Input data –
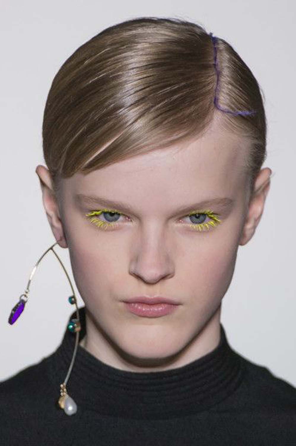 Single strands of ostrich feather barbs are placed subtly in the hairline, enhanced by a swipe of neon on the lashes and a sculptural earring.
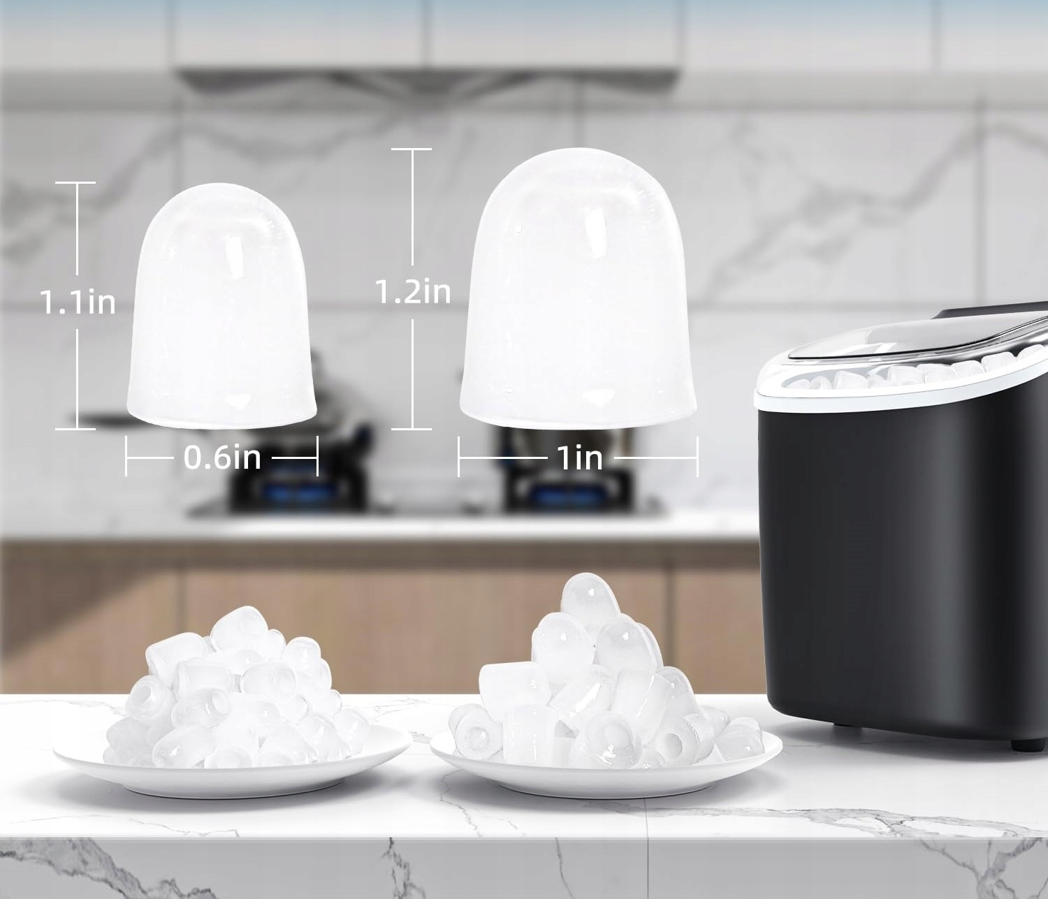 Szybka i wydajna kostkarka do lodu – Nasze kompaktowe urządzenie wytwarza 9 kulistych kostek lodu w zaledwie 6 minut. Wystarczy napełnić zbiornik 1,2 litra wody, a maszyna może wyprodukować do 26 funtów (ok. 12 kg) lodu w ciągu doby. Przez przezroczyste okienko można na bieżąco obserwować proces tworzenia lodu. Koniec z długim oczekiwaniem – lód zawsze pod ręką, kiedy tylko go potrzebujesz.
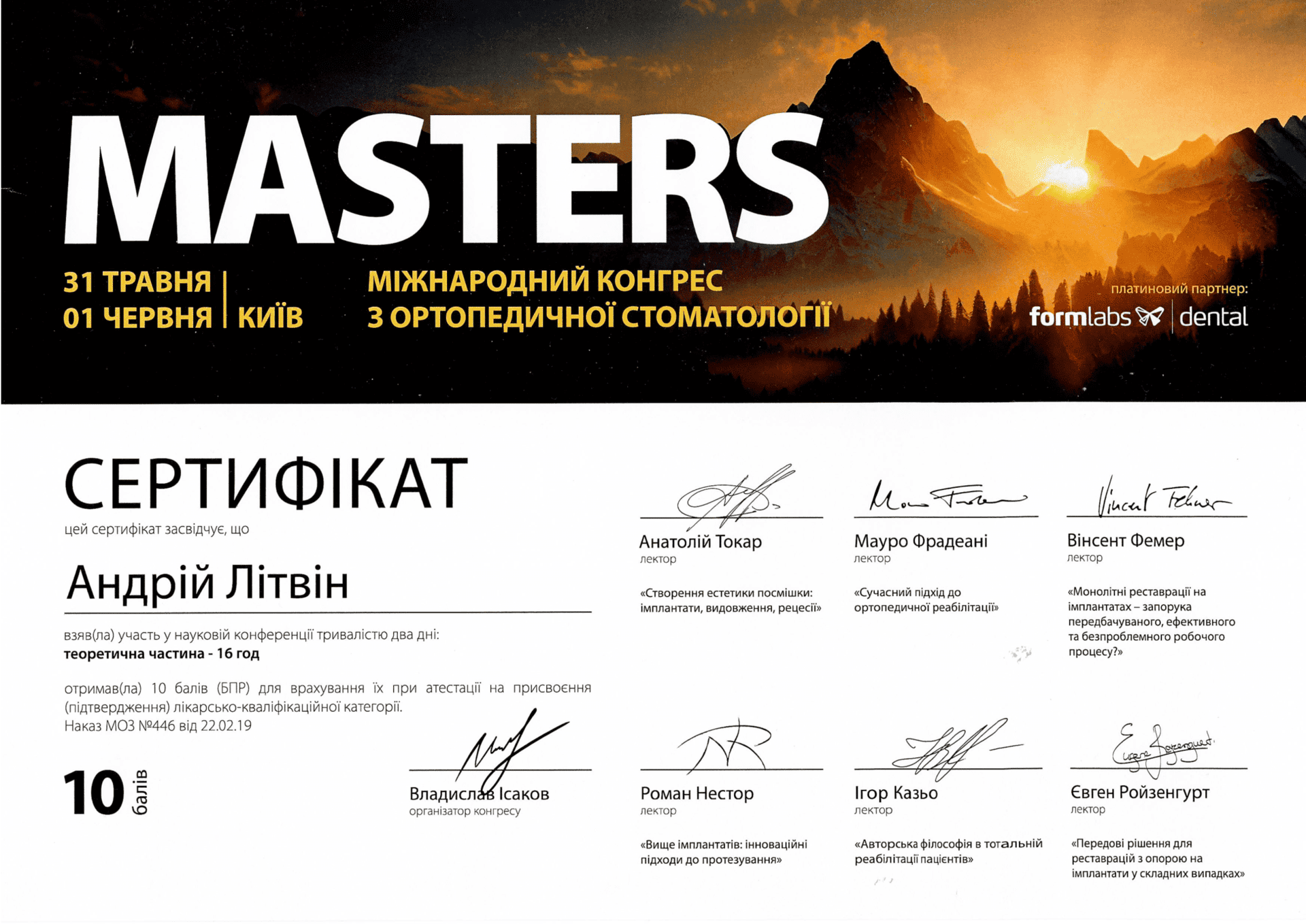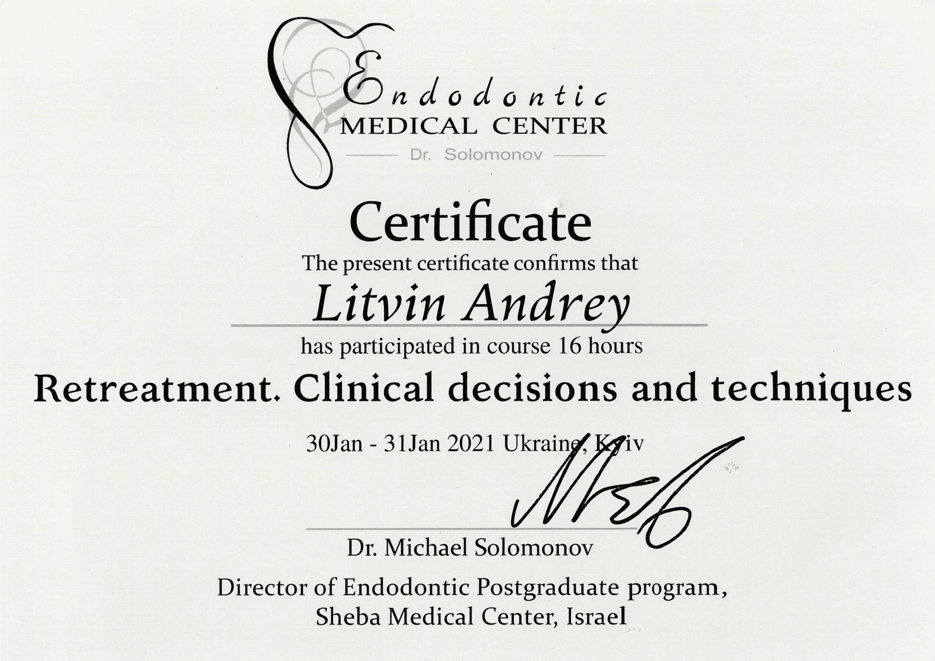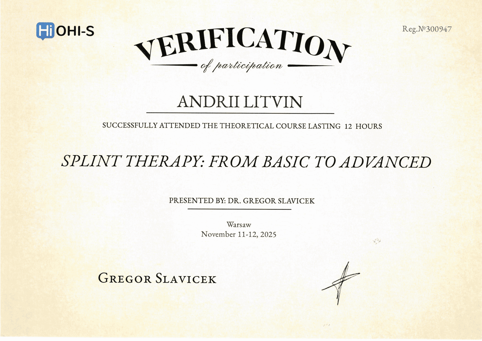 2018 — Ukończenie kursu klinicznego Art of the Microscope Enhanced Endodontics (Stanislav Geranin)
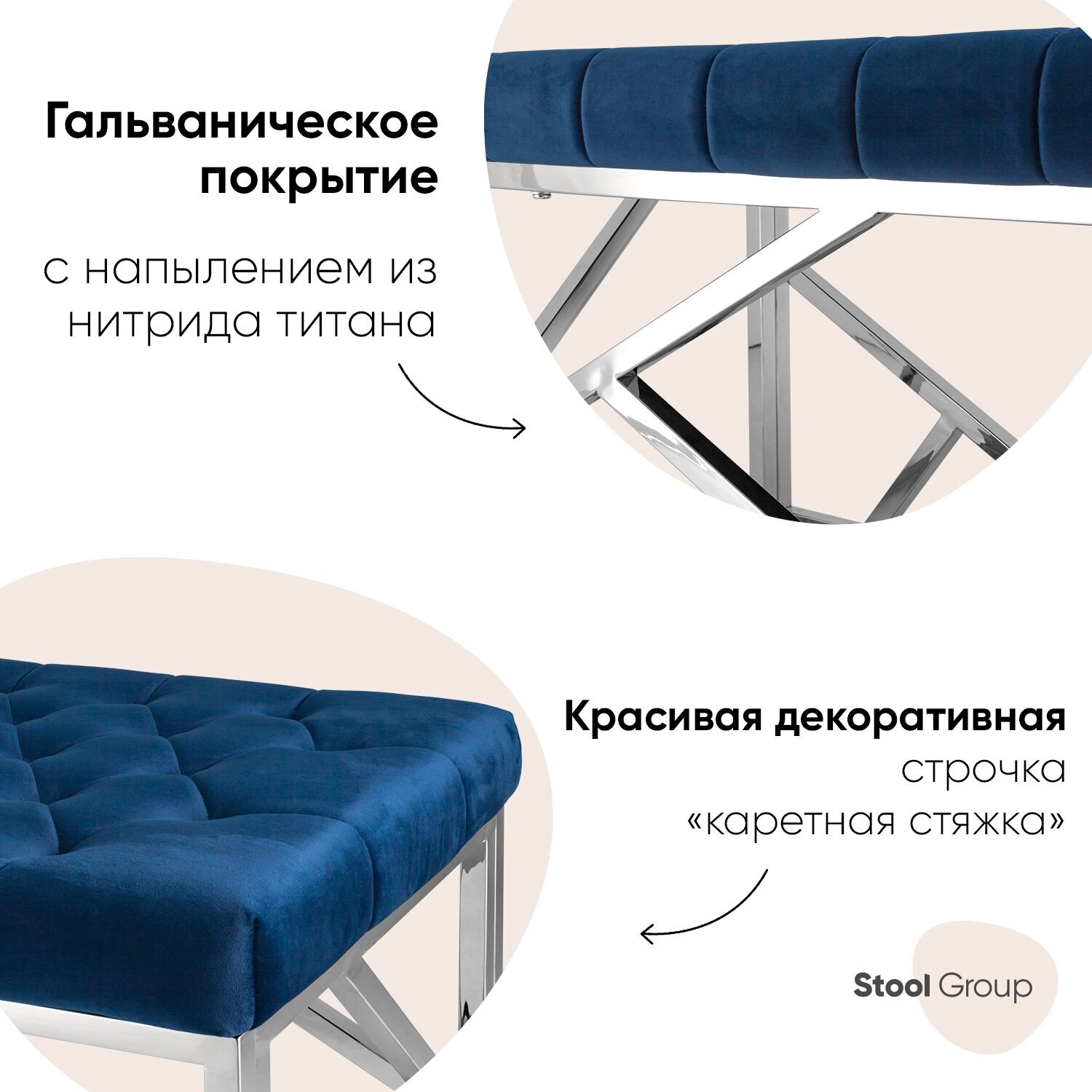 Банкетка выполнена из нержавеющей стали, что делает конструкцию прочной и надежной. Обивка сиденья - велюр. Материал обладает особой прочностью и износоустойчивостью, приятный на ощупь, эластичный и теплый.

Problem description – Quote the lines above exactly, starting with the one that has "Szybka i wydajna" and ending with the one that has "2018 — Ukończenie"; drop the pictures and include nothing else.

Solution below –
 Szybka i wydajna kostkarka do lodu – Nasze kompaktowe urządzenie wytwarza 9 kulistych kostek lodu w zaledwie 6 minut. Wystarczy napełnić zbiornik 1,2 litra wody, a maszyna może wyprodukować do 26 funtów (ok. 12 kg) lodu w ciągu doby. Przez przezroczyste okienko można na bieżąco obserwować proces tworzenia lodu. Koniec z długim oczekiwaniem – lód zawsze pod ręką, kiedy tylko go potrzebujesz.
 2018 — Ukończenie kursu klinicznego Art of the Microscope Enhanced Endodontics (Stanislav Geranin)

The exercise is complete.